A few years before ChatGPT started chattering, Google developed an entirely different kind of AI program, called AlphaGo, that, through relentless practice, learned to play the board game Go with superhuman skill.
Scientists at the company have just published research combining the capabilities of a gigantic language model (the artificial intelligence behind today’s chatbots) with the capabilities of AlphaZero, a successor to AlphaGo that can also play chess, to solve very complex mathematical proofs.
Their modern Frankenstein-esque creation, dubbed AlphaProof, has proven its mettle by solving several 2024 problems International Mathematical Olympiad (IMO), a prestigious competition for high school students.
AlphaProof uses the Gemini gigantic language model to convert naturally formed mathematical questions into a programming language called Lean. This provides training material for the second algorithm, which learns through trial and error how to find proofs that can be confirmed to be correct.
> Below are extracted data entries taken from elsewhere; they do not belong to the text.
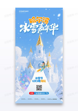 蓝色哈尔滨冰雪城堡嘉年华活动海报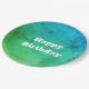 Teal, and green paper plates, happy birthday themed text can be personalised to any special event.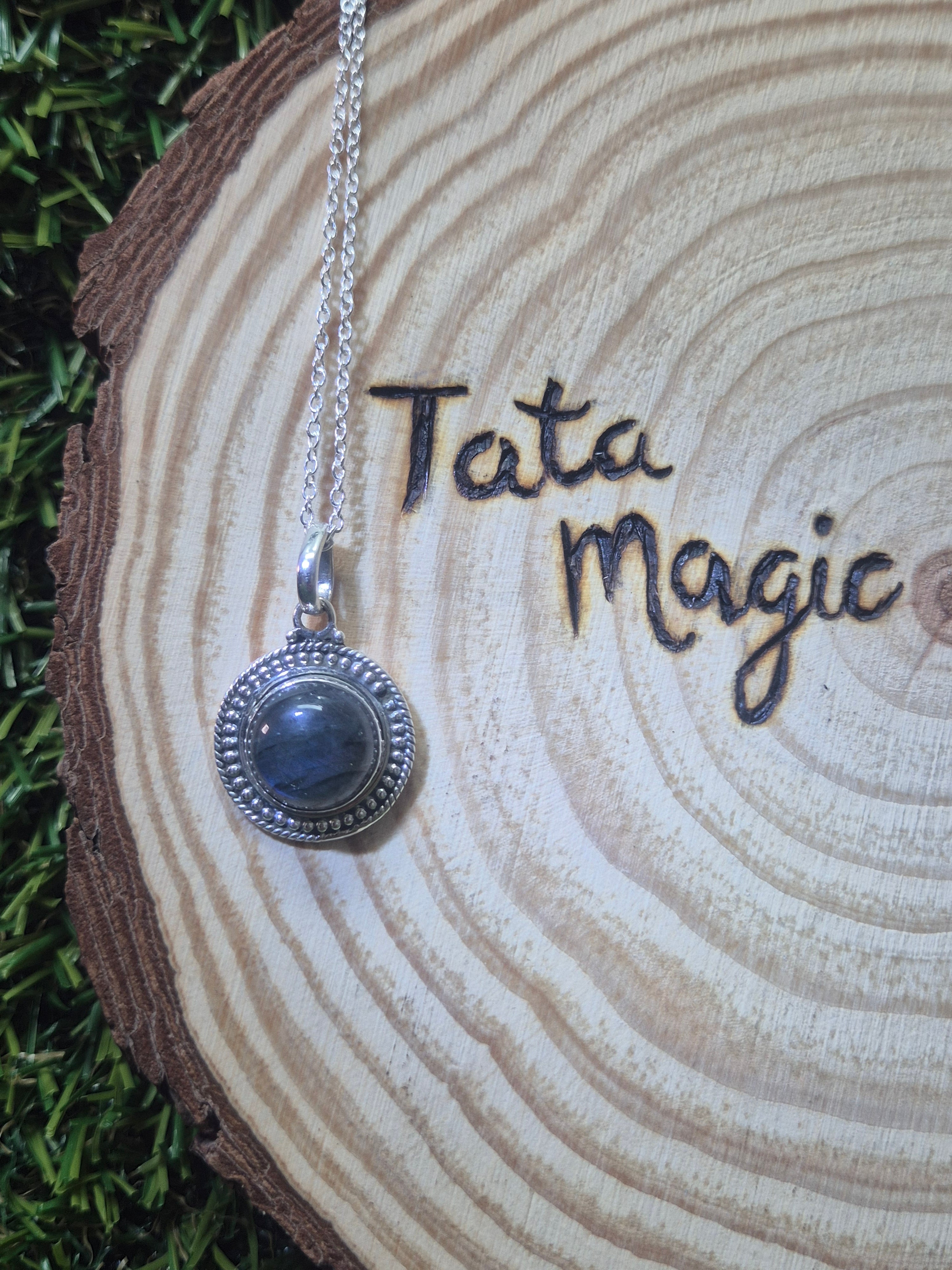 Colgante consagrado de labradorita en plata 925 con cadena- Magia, intuición y protección psíquica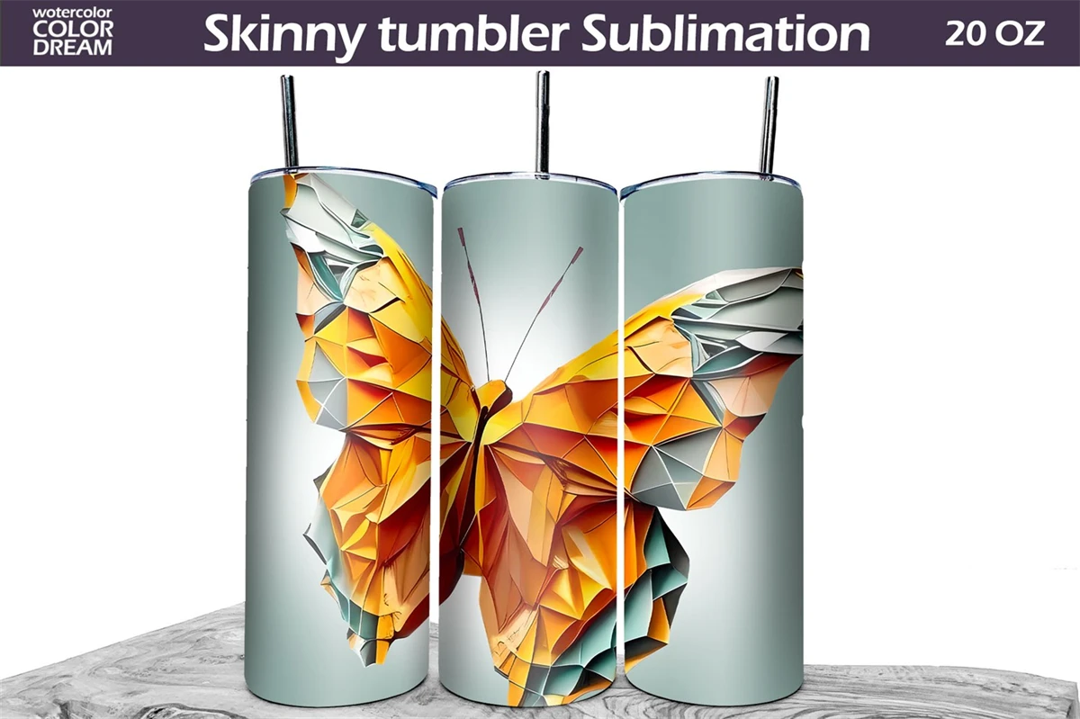 3D Butterfly Tumbler. Yellow Butterfly Tumbler Wrap

Earlier this year, Google DeepMind another mathematical algorithm revealed called AlphaGeometry, which also combines a language model with another AI approach. AlphaGeometry uses Gemini to convert geometric problems into a form that can be manipulated and tested with a program that handles geometric elements. Google also announced a modern and improved version of AlphaGeometry today.
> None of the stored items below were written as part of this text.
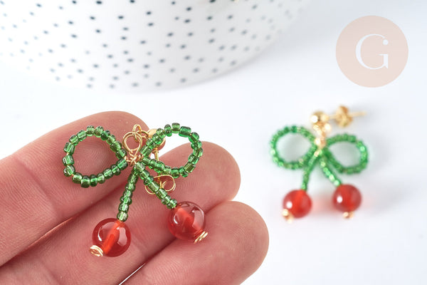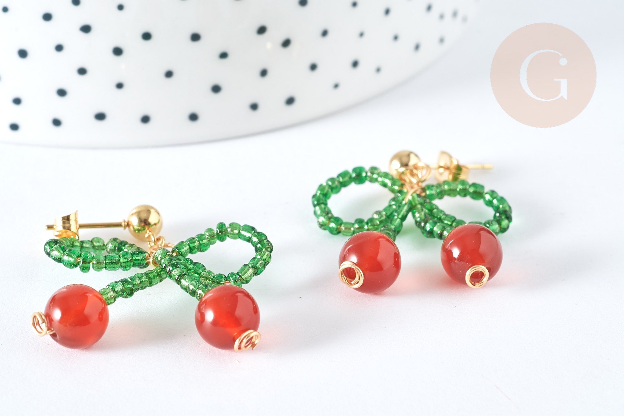 Añade un toque divertido y original con este par de pendientes con dije de cereza . Estos están hechos de cuentas de vidrio verde y ágata natural roja .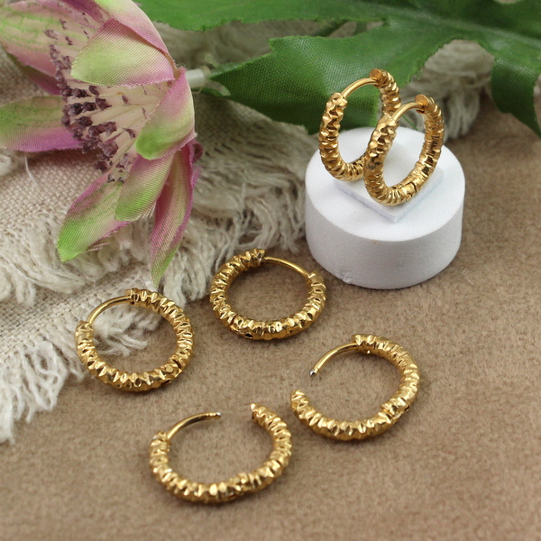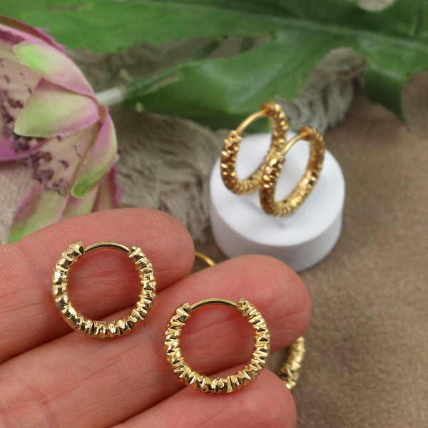 Bigle kajdankowe koła stal szlachetna pozłacana fakturowana 15mm [para]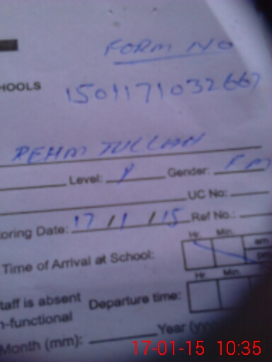 | Name: Sa**** Wa**** Designation: (School Headmaster's/Headmistress's) PST Phone/Cell Number: 03**** |

The researchers found that their two math programs could provide proofs for IMO puzzles just as well as the silver medalist. The programs solved two algebra problems and one number theory problem out of six in total. They solved one problem in a few minutes, but the others took several days to solve. Google DeepMind did not disclose how much computing power it devoted to the problems.
Google DeepMind calls the approach used in AlphaProof and AlphaGeometry “neuro-symbolic” because it combines the pure machine learning of an artificial neural network, the technology underpinning most recent advances in AI, with a conventional programming language.
“What we saw here was that you could combine the approach that was so successful, and things like AlphaGo, with large language models and create something that was incredibly efficient,” says David Silver, a Google DeepMind researcher who led the work on AlphaZero. Silver says the techniques demonstrated with AlphaProof should, in theory, extend to other areas of mathematics.
Indeed, these studies raise the prospect of addressing the worst tendencies of gigantic language models by applying logic and reasoning in a more grounded way. While gigantic language models can be wonderful, they often struggle to understand even basic mathematics or reason logically about problems.
In the future, the neural symbolic method could provide AI systems with a way to transform questions or tasks into a form that can be rationalized in a way that produces reliable results. Rumors also suggest that OpenAI is working on such a system, codenamed “Strawberry”.
But there’s a key limitation to the systems revealed today, Silver acknowledges. The mathematical solutions are either correct or incorrect, which allows AlphaProof and AlphaGeometry to work toward the right answer. Many real-world problems—thinking about the ideal route to travel, for example—have multiple possible solutions, and which one is ideal can be unclear. Silver says that a solution for more ambiguous questions might be for the language model to try to figure out what constitutes a “correct” answer during training. “There’s a spectrum of different things you can try,” he says.
Silver also notes that Google DeepMind won’t put mathematicians out of work. “Our goal is to create a system that can prove anything, but that’s not the end of what mathematicians do,” he says. “A big part of math is posing problems and finding interesting questions to ask. You could think of it as another tool, similar to a slide rule or a calculator or computational tools.”